Return the stretch from the line with "Мужская рука держит металлическую штангу" through the line with "上品! パーティードレス ゴールド" in the data below, character for character, skipping all pictures.

━━━ Records to process

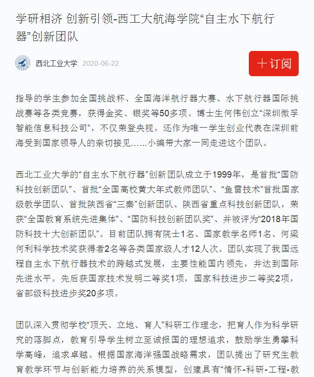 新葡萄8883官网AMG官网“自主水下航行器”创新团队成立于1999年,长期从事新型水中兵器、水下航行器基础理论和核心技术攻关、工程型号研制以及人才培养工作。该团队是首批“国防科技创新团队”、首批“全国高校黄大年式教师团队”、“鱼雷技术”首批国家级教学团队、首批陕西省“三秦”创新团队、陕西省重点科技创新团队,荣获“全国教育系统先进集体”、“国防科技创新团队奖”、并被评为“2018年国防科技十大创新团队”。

━━━━━━
━━━ Records to process

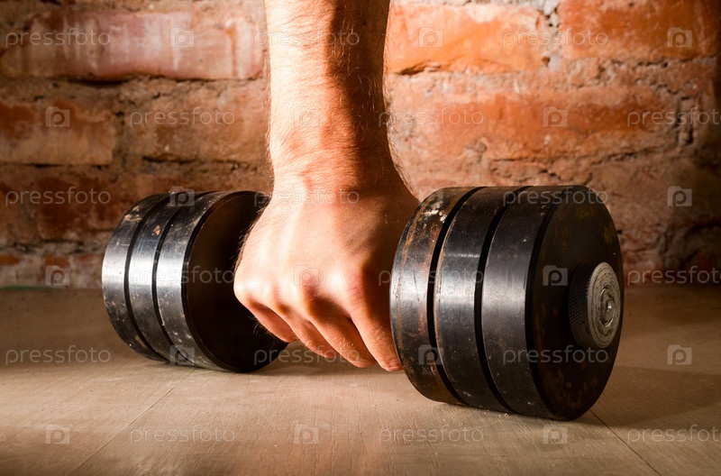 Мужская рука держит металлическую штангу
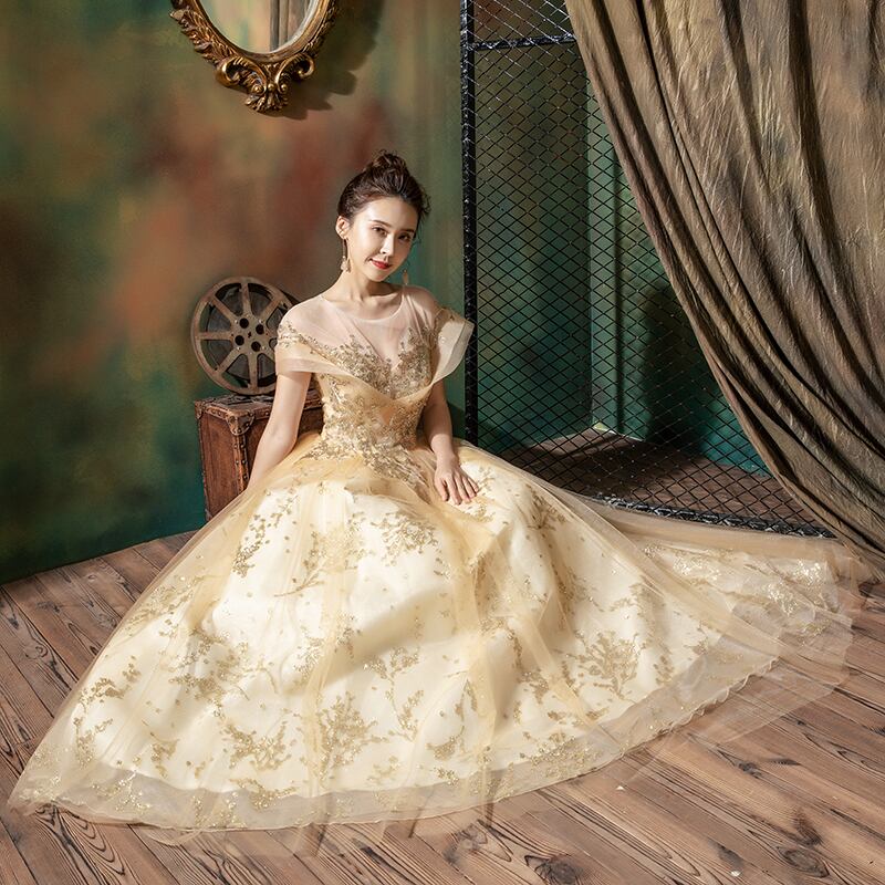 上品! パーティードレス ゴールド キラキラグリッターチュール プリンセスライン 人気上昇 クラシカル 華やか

━━━━━━
━━━ Records to process

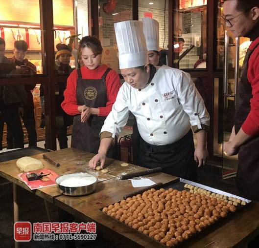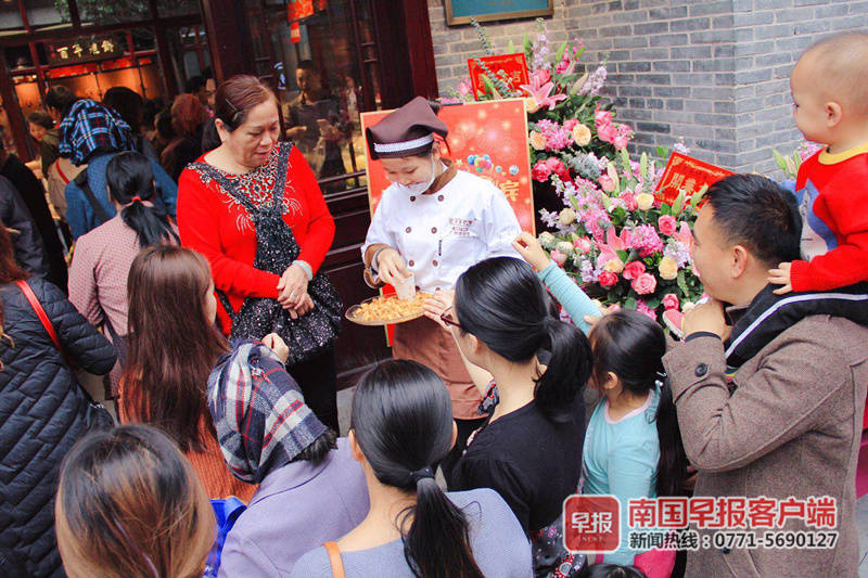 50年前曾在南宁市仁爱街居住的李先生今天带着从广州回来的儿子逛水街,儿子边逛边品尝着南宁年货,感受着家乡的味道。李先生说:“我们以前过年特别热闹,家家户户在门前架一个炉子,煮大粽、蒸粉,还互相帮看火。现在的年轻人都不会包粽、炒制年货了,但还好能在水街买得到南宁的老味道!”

━━━━━━

Answer for the task:
 Мужская рука держит металлическую штангу
 上品! パーティードレス ゴールド キラキラグリッターチュール プリンセスライン 人気上昇 クラシカル 華やか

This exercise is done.